Why Turn Detection Is the Biggest Problem in Voice AI (And H

You’re talking to a voice agent. The AI responds to your question. But instead of waiting for you to stop speaking, it interrupts mid-sentence. Or it waits too long, creating an awkward silence. Your frustration grows. The conversation breaks.

This is the number one failure mode of voice agents in production.

Tom Shapland, PM at LiveKit, describes it directly: “The biggest problem in voice agents currently, and it has been this since LLM-based voice agents have come to the scene, has been turn detection. Because the conversation breaks down and the user gets frustrated and the call doesn’t go to its objective when the agent and humans start talking over each other.”

Turn detection isn’t sexy. It’s not a new model or a breakthrough algorithm. But it’s the difference between a voice agent that feels natural and one that makes users want to hang up.

What Turn Detection Actually Does

Turn detection solves one fundamental problem: knowing when the human is done speaking so the AI can start its response.

It sounds simple. It’s not.

The challenge is that silence doesn’t mean someone is finished talking. A thoughtful person pauses while forming their response. A non-native speaker takes time between sentences. A child thinks before answering. And different people have different patterns.

“People have different styles of talking to each other,” Tom explains. “Part of what you and I do when we talk is when we first start talking, we’re doing some sort of calibration with each other and know how long to wait.”

Humans handle this through paralinguistic cues — the tone, pacing, breathing patterns, and semantic context that signal someone’s intent to yield the floor. They also dynamically adjust. “Even midway through a conversation, I will dynamically calibrate and be like, this is actually kind of a more thoughtful topic. And so I should maybe give her more space for thinking of her response.”

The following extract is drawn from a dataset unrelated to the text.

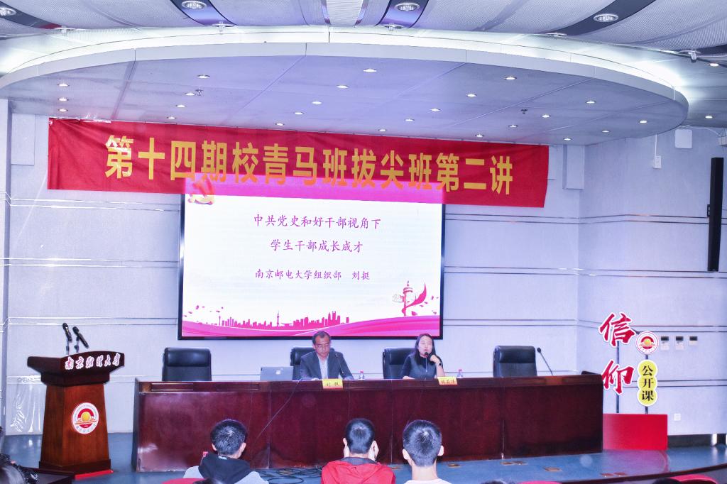 黨史是最好的教科書,是中國共產(chǎn)黨人賡續(xù)傳承的風向標,是持久深沉的精神動力。10月30日晚上七點,我校在行政樓二樓報告廳舉行“中共黨史和好干部視角下學生干部成長成才”專題培訓講座,南京郵電大學黨委組織部副部長劉挺老師主講,校團委副書記張蔚偉主持培訓會。

A voice agent trying to detect turns via simple silence thresholds has none of this. It either cuts people off or waits awkwardly.

Why It Fails with Kids (And Why That Matters)

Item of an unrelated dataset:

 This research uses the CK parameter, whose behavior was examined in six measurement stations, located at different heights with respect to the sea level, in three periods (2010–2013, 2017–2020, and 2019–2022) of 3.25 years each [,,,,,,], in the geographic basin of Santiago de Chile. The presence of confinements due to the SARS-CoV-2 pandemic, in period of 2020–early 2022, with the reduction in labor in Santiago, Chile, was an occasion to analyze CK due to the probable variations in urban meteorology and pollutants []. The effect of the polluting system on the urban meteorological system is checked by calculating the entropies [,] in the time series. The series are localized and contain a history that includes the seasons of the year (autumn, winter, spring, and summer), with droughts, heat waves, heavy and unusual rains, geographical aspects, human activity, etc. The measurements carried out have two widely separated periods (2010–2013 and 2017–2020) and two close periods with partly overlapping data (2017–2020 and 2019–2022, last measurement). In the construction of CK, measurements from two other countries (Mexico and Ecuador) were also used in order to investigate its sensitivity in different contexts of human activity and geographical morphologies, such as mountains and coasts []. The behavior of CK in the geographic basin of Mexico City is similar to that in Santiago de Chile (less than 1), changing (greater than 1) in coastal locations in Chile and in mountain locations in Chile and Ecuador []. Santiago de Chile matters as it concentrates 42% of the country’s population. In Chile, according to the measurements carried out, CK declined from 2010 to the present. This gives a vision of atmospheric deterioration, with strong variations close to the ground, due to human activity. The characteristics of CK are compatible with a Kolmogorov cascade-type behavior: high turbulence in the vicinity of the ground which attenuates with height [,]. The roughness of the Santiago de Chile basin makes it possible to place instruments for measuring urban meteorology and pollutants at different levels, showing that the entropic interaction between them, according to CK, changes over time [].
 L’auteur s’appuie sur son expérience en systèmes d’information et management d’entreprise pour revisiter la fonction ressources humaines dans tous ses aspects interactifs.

Tom’s daughter uses ChatGPT’s voice mode. “When she talks with ChatGPT using the voice mode, it was actually a terrible experience. The way kids talk and the way they pause and the way they interrupt are more unpredictable than adults. She’s thinking and then ChatGPT just jumped in, and then they started arguing with each other.”

This happens because consumer voice models are trained on typical adult conversation patterns. Kids have different patterns. So do people from different cultures. Non-native speakers. People with processing differences.

A production voice agent can’t assume a single conversation style. It needs to handle variation. That’s why turn detection matters: it’s the knob that lets you dial in the right behavior for your use case.

The LiveKit Approach: Flexibility Over Defaults

This is where many voice agent platforms fail. They bake in a single turn-detection strategy and force everyone to live with it. The result: works great for some users, terrible for others.

LiveKit’s approach is different. “We aim to have it default out of the box, the turn taking to be as good as possible,” Tom says. “We recognize that there’s different use cases and that you have the flexibility to parameterize the models and build your agent in a way that is going to work for your use case and the different turn taking characteristics of your use case.”

In practice, this means:

You can customize turn-taking behavior. Adjust how long the agent waits before assuming the user is done. Tighten thresholds for faster, more aggressive turn-taking. Loosen them for thoughtful conversations.

You can layer in multiple signals. Not just silence duration, but semantic signals (did the LLM’s response indicate the user should answer?), prosodic signals (tone and pacing), and explicit model outputs trained to predict turn transitions.

You can evolve it dynamically. Some agents adapt their turn-taking mid-conversation based on user patterns.

When Turn Detection Breaks Down (And What That Costs)

Turn detection failures don’t just feel awkward. They derail the entire interaction.

In a lead qualification call, overlapping speech creates confusion about what was actually qualified. In customer support, it breaks the rhythm of problem-solving. In sales calls, it kills trust. In emergency services (where LiveKit powers 911 systems), it can be life-or-death.

The cost of getting it wrong isn’t just a poor user experience. It’s a failed objective. “The conversation breaks down and the user gets frustrated and the call doesn’t go to its objective,” Tom says.

The Model Stack Behind Turn Detection

Turn detection isn’t a single model. It’s a suite of what Tom calls “paralinguistic models” — models trained on speech features beyond the words themselves.

These include:

Speech activity detection — distinguishing speech from background noise or silence.

Voice activity prediction — predicting whether the user is about to speak or is pausing mid-thought.

Turn-taking models — trained specifically to predict the end of a speaking turn based on acoustic and linguistic features.

Semantic models — understanding the content of what was said to infer whether the user is expecting a response.

Most teams building voice agents start by stitching together off-the-shelf components (Whisper for transcription, Claude for reasoning, ElevenLabs for speech synthesis). That’s fine. But turn detection is one piece where you can’t ignore the framework. As Tom notes: “It just makes sense to start with a framework, ideally an open source framework where you can actually see what the code is doing. It’s not a black box.”

FAQ

What exactly is turn detection in voice agents?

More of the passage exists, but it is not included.